Le simple fait d'avoir échappé au phénomène pousse en effet les proches des disparu.e.s dans un état similaire d'introspection frénétique, inspiré lui par le complexe du survivant plus que par la nuit elle-même (pages 133-134) :

"Au lieu de ses reproductions habituelles des expressionnistes allemands, elle créa pour la première fois : elle traça de grandes envolées sur le papier froissé, de terribles déchirures, des éclairs qui fendaient des écrans bleus. Les météores de couleurs provoquaient de formidables explosions sur une terre aride. Les nuages chimiques se soulevaient en gros amas aux reflets blonds. Les couches se superposaient au point de former des crevasses sombres et des sommets luisants.

Dans ce monde sans cesse bouleversé apparaissaient ici et là des figures éphémères et tristes. Des visages que l'on croise toute sa vie et que l'on oublie.

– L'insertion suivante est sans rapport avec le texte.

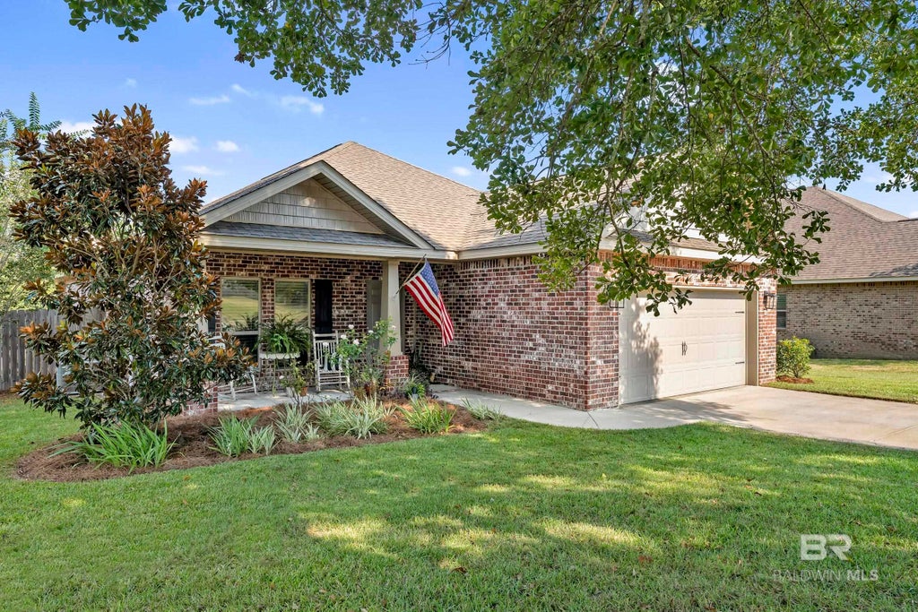 Welcome! This home boasts a variety of desired qualities, rare for this neighborhood, including a large oak tree in front yard, lending plenty of shade, situated on a 0.27 acre lot, a gas range with stainless range hood & a wood-burning fireplace with custom brick hearth & wooden mantle & an OPEN, UNOBSTRUCTED VIEW OF NATURE FROM LIVING ROOM, DINING ROOM & PRIMARY BEDROOM WINDOWS as there are NO BACKDOOR NEIGHBORS BEHIND HOME! Home is located in Phase 1 of neighborhood, with mature landscaping & boasts extra-wide, one-way streets, divided by an oak tree-lined median, just down the street from 1 of the 2 neighborhood pools & playgrounds. Fairhope Falls has a beautiful country feel, while still being just a quick drive away from Downtown Fairhope. Neighborhood has nature trails along Fish River, with multiple access points for fishing or relaxing on the shady, sandy areas through the woods. There are also 3 stocked fishing ponds. Additional updates to home include a new Bosch dishwasher, kitchen faucet & disposal, updated lighting in foyer, main living areas & primary bathroom, updated outdoor sconces, ceiling fan & market lights on back porch & deck, updated mirror in second bathroom, custom shelving in second bedroom & overhead storage shelving in garage. Home is the Isabella plan, with nearly 2,000 SF, 4 bedrooms, 2 bathrooms, is gold fortified & well-maintained. Home has a very large, elevated back deck that extends beyond the covered back porch, perfect for enjoying private outdoor living, grilling & dining. The back yard has mature crepe myrtles & hydrangeas & a wooden playhouse. Kitchen fridge and both TVs (living room & back porch) will convey with sale. Seller is licensed real estate agent- *SELLER CONCESSIONS* AVAILABLE WITH ACCEPTABLE OFFER! Buyer to verify all information during due diligence.

Les faces malheureuses s'estompent pour n'en former qu'une."


En prolongeant ainsi par deux parties mélancoliques le crescendo fantastique de la troisième partie (que préparaient les deux premières), Pascal Malosse ne fait pas que résoudre le problème structurel propre au genre (que j'évoquais en introduction), il livre aussi (un peu comme le Gus Moreno d'Après toi les ténèbres) une émouvante peinture du deuil (qui évoque par moments l'Alps de Yorgos Lanthimos, d'autant que les proches vont être obligés de mimer le comportement des disparu.e.s pour les retrouver).


Jean-Marc Gouanvic disait de la science-fiction (mais c'est tout aussi vrai du fantastique) qu'elle est une "poétique de l'altérité" ; en découvrant leurs proches à la fin de leur anti-célinien "voyage au bout du jour" (page 183), les personnages de La Nuit dans les yeux prouvent la justesse de cette remarque – y compris celui qui croit sottement en "la nature sélective de la nuit qui, en bonne aristocrate, épargnait les meilleurs et dévorait les gueux, les prolétaires et les artistes inutiles" (page 141), croyance auquel le dernier chapitre va apporter un cinglant démenti, en faisant un temps renaître la "terreur" (page 203, chute de l'histoire).


Notez au passage que cette découverte de l'altérité est aussi celle, pour les personnages, de l'envers pauvre de la ville, ce qui contribue d'autant à enrichir l'interprétation politique de La Nuit dans leurs yeux (page 166) :

"Le monde des "sans-domicile" se pressait à l'entrée ; la nuit était sur leurs talons. Ici, il n'y avait aucun uniforme en vue. Les autorités préféraient détourner le regard de toute cette misère. L'endroit idéal pour des fugitifs."


Cette double interprétation (socio-politique et psychologique) de La Nuit dans leurs yeux, qui rapprocherait Pascal Malosse d'Andrevon (tel que le décrit Katarzyna Gadomska) ou de la Mélanie Fazi neuro-queer des Nuits du Vertigo, c'est sans doute ce qui en fait toute sa richesse, et justifie que son auteur soit considéré par Katarzyna Gadomska (avec Rémi Karnauch) comme un membre important de "la seconde vague des nouveaux fantastiqueurs" (la citation figurant en quatrième de couverture de La Nuit dans leurs yeux).